At least one other candidate has emerged: The Rev. Sheila Jones, who's a member of the city's Human Relations Commission and director of the J.T. Locke Resource Center, a community center in the historically black Method Community in West Raleigh. Weeks is a retired school teacher who's been active in the Democratic party for years as well as a leader in Southeast Raleigh neighborhood groups. He's currently chair of the city's Parks, Recreation and Greenway Advisory Board.

Some other female names are being floated as well.

And here's an interesting development: Danny Coleman, head of the Raleigh Wake Citizens Association (RWCA), has scheduled a forum for prospective candidates for the District C seat on Saturday morning at 10 a.m. in the New Science Building auditorium at Shaw University.

Also scheduled for Saturday morning, at 9 a.m.: The big NAACP event at Christian Faith Baptist Church at which state NAACP President the Rev. William Barber and national NAACP President Ben Jealous are expected to reveal their plans for a lawsuit against the Wake County school board and its five-member Republican majority.

Coleman, who seems to be aligned with the Republican school board, is obviously not interested in helping boost the turnout for the NAACP meeting. Nor interested in a big turnout for his own forum, apparently.

***


The issue arises from Wake Commissioner Harold Webb's resignation and his replacement by James West, who held the District C seat on Council for 10 years. (Webb, elected once in his own right, was originally a mid-term replacement for the late Vernon Malone, who'd been elected to the state Senate).

So now, who should replace West? And should it be another man — in a seat formerly held by Brad Thompson, Charles Francis, and Ralph Campbell?

A few African-American women have been elected to office in Wake County, including current Wake Commissioner Lindy Brown and former state Rep.

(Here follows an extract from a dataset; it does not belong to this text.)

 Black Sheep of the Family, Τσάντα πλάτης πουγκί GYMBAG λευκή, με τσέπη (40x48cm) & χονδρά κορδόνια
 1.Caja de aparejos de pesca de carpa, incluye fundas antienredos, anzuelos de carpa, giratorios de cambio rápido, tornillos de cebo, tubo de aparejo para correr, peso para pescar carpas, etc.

Linda Coleman, a past commissioner as well. But Brown lives in Garner and Coleman in Knightdale. Unless I'm mistaken, I don't believe any woman has ever come out Southeast Raleigh or the RWCA to hold elected office. [I was mistaken: Southeast Raleigh has elected women to the Wake school board, and one, state Rep. Rosa Gil, was subsequently appointed to fill a vacancy in the General Assembly. She's up for election this year.]

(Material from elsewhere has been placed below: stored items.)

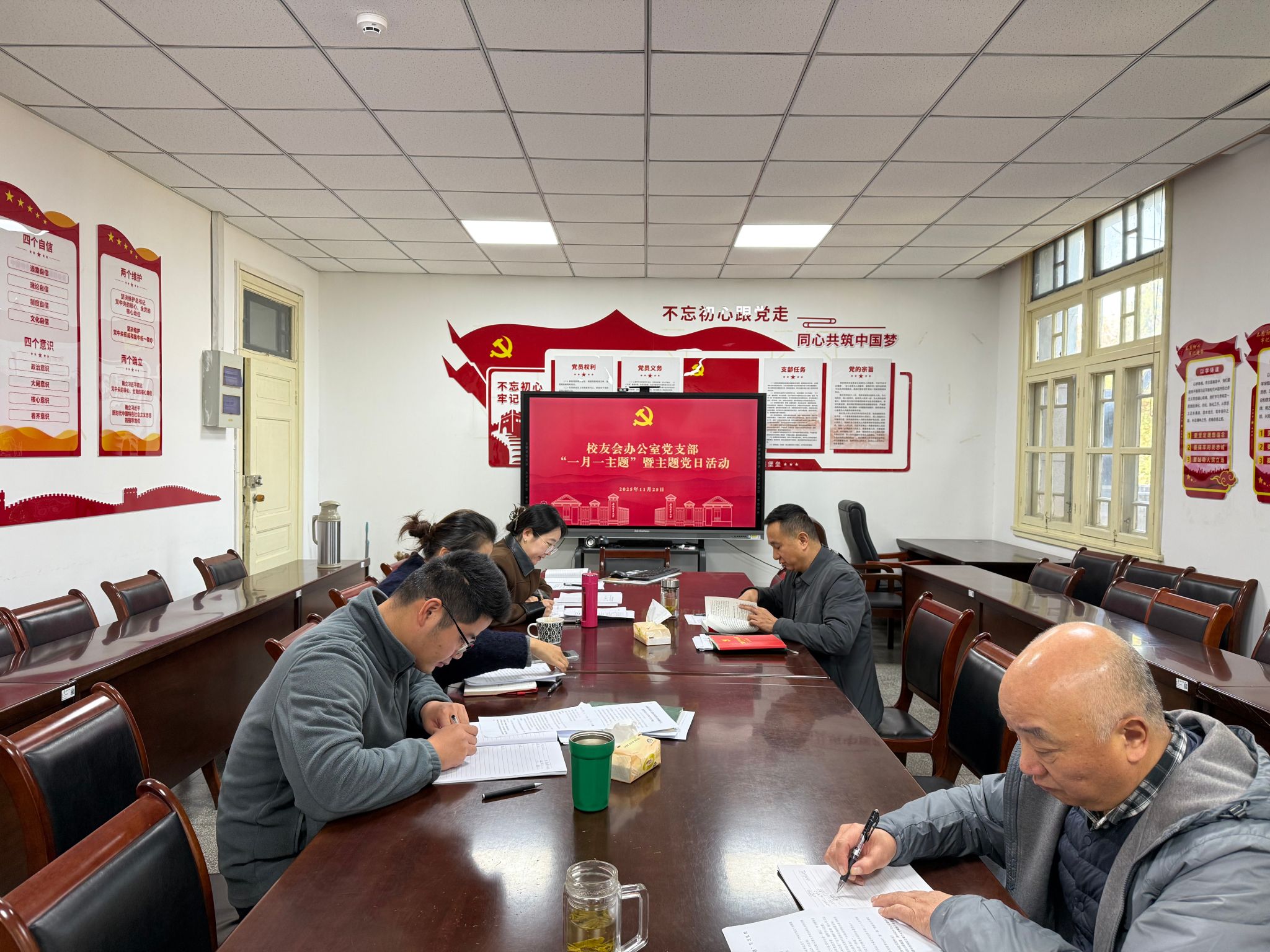 11月25日上午,校友会办公室党支部召开“一月一主题”学习研讨会,会议由党支部书记刘海涛主持,全体党员参加会议。
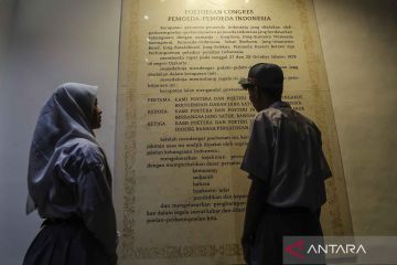 Siswa mengamati displai naskah putusan kongres pemuda-pemuda Indonesia usai mengikuti upacara peringatan Hari Sumpah Pemuda di Museum Sumpah Pemuda, Jakarta, Selasa (28/10/2025). Museum dan Cagar Budaya Kementerian Kebudayaan menggelar upacara untuk memperingati Hari Sumpah Pemuda ke-97 sebagai bentuk penghormatan atas semangat para pemuda. ANTARA FOTO/Asprilla Dwi Adha/YU
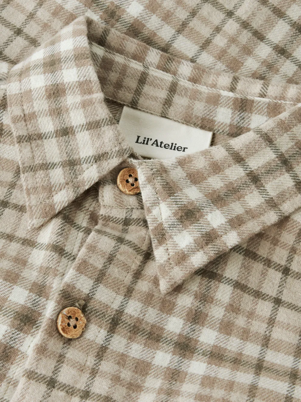Rebel Skjorte i farven Sepia Tint fra Lil’ Atelier er et skønt valg til garderoben, hvor både komfort og stil er i fokus. Skjorten har et klassisk ternet mønster i afdæmpede nuancer, der passer til enhver anledning. Den bløde kvalitet og den behagelige pasform gør den ideel til både leg og pæne stunder. Med fine træknapper og en praktisk brystlomme får du et tidløst look, der kan styles med både bukser og shorts. Skjorten er nem at tage af og på, og den kan bruges alene eller som let overtøj over en t-shirt. Perfekt til børn, der ønsker at være både smarte og komfortable.
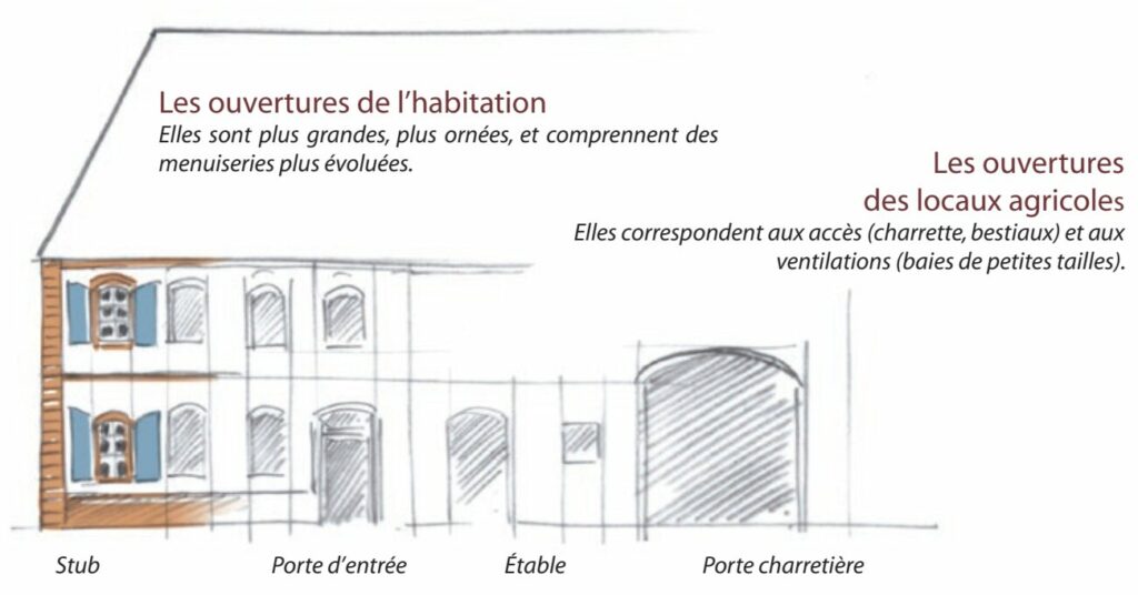 Les façades retranscrivent la logique d’organisation du plan de la maison. On distingue très clairement l’habitation et les locaux agricoles. Il y a très peu d’ouvertures dans les murs des granges. Ce sont l’usage et la fonction des espaces et les proportions de la façade qui dictent la taille et le nombre d’ouvertures de l’habitation.
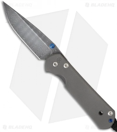 This Small Sebenza features a stainless steel Devin Thomas “Ladder” Damascus blade with a blue anodized titanium thumb stud. Actual Damascus blade may differ slightly from the one pictured.
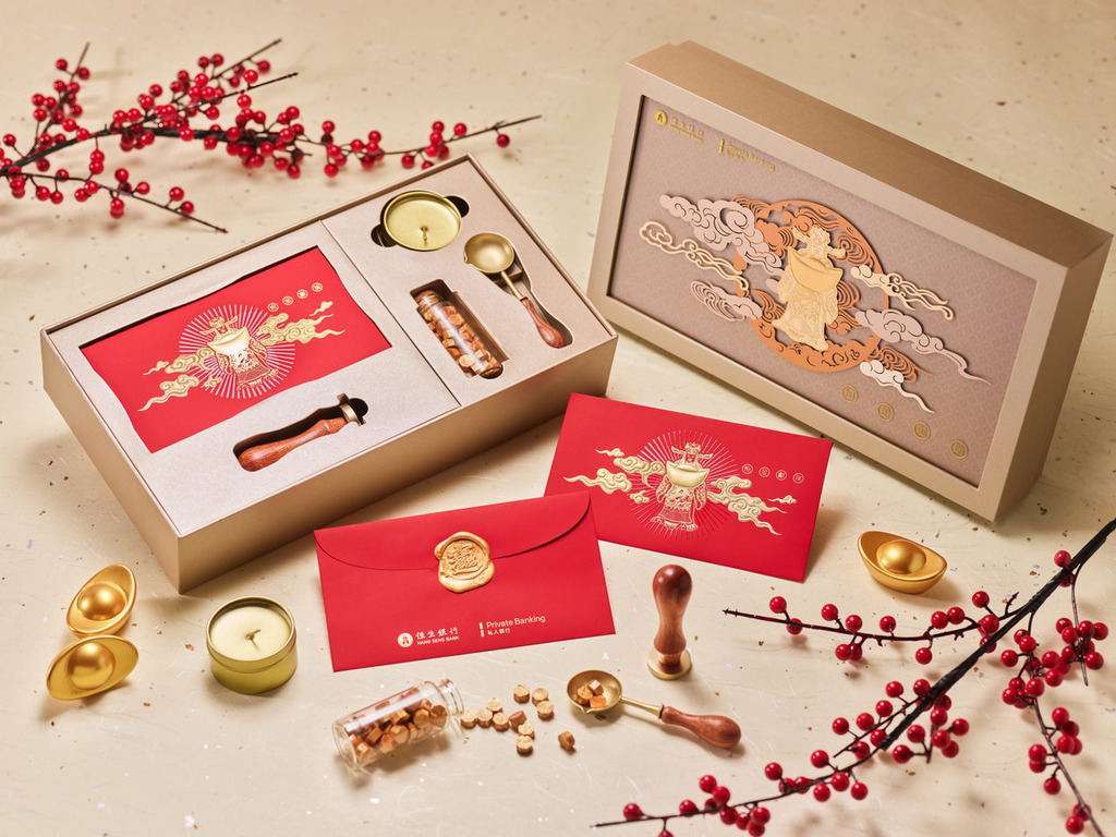 ▲恒生银行延续其传统财神设计,今年共推出4款,更为私人银行贵宾准备了限量版火漆印章礼盒。

The RWCA forum on Saturday is also sponsored by the Wake County African American Caucus, headed by Marshall Harvey. Anyone interested in being a candidate for West's old seat is asked to contact Anthony Blalock — blalocklaw@msn.com, 919-832-2918 — and if possible, supply him with a bio and photo.

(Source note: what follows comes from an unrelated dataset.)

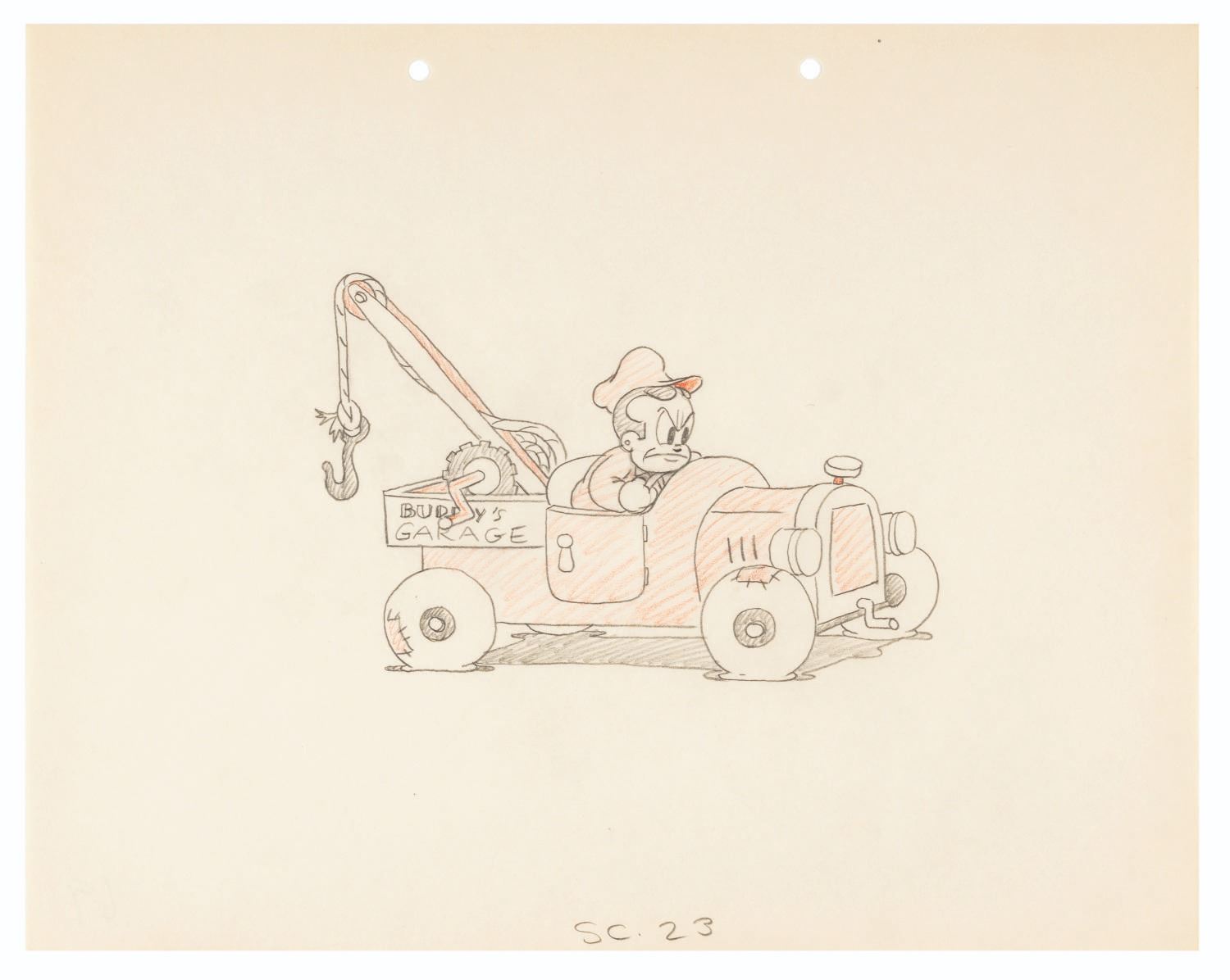 (Schlesinger, 1934) An original production story drawing from “Buddy’s Garage.” With an image size of 6.5” x 4.25” on 9.5” x 12” animation paper, the drawing accomplished in graphite and red pencil is in very good condition with very light color shift to the paper from age.
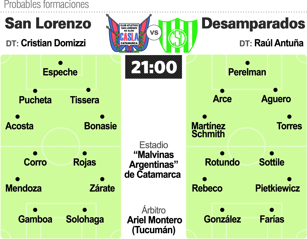 Sportivo, que viene de golear en el clásico al Azul, visitará a San Lorenzo de Alem en Catamarca desde las 21 y con arbitraje del tucumano Ariel Montero. Desamparados aspira a seguir con su racha que le permita seguir liderando la zona y sabe que de visitante casi siempre pudo sumar. De los cinco encuentros disputados en esta condición, le ganó a Estudiantes y Gutiérrez, empató ante Huracán Las Heras y sólo perdió contra la Juve puntana. Sportivo va encontrando de a poco el nivel de juego que pretende Antuña y algo pudo plasmar en el choque ante Unión. Por eso, el técnico puyutano repetirá equipo nuevamente con el clásico esquema 4-4-2 y teniendo únicamente como novedad a Pablo Jofré disponible entre los suplentes. Enfrente tendrá a San Lorenzo de Alem que viene de perder el clásico ante Unión Aconquija, obligando a que su técnico Cristian Domizzi presentara la renuncia que no fue aceptada por la dirigencia.

The City Council will choose West's replacement. West left office officially on Monday. On Tuesday, Mayor Charles Meeker set a schedule for replacing him by October 5. Candidates should apply to the City Clerk's office by October 4 under Meeker's timetable. At the Council meeting the next day, any candidates who want to speak will be given 4-5 minutes. The Council would vote a few hours later at the evening session.

"What's the rush?" one Southeast Raleigh woman complained privately. She hopes Meeker will allow more time for candidates to emerge and political discussions to occur in District C.

And on the record, one Southeast Raleigh leader, Lonnette Williams, has gone after Weeks in an email sent to Meeker and the City Council. Williams, chair of the Central Citizens Advisory Council (CAC), complained that Weeks "failed to show leadership" on parks issues important to her community, including improvements to Chavis Park.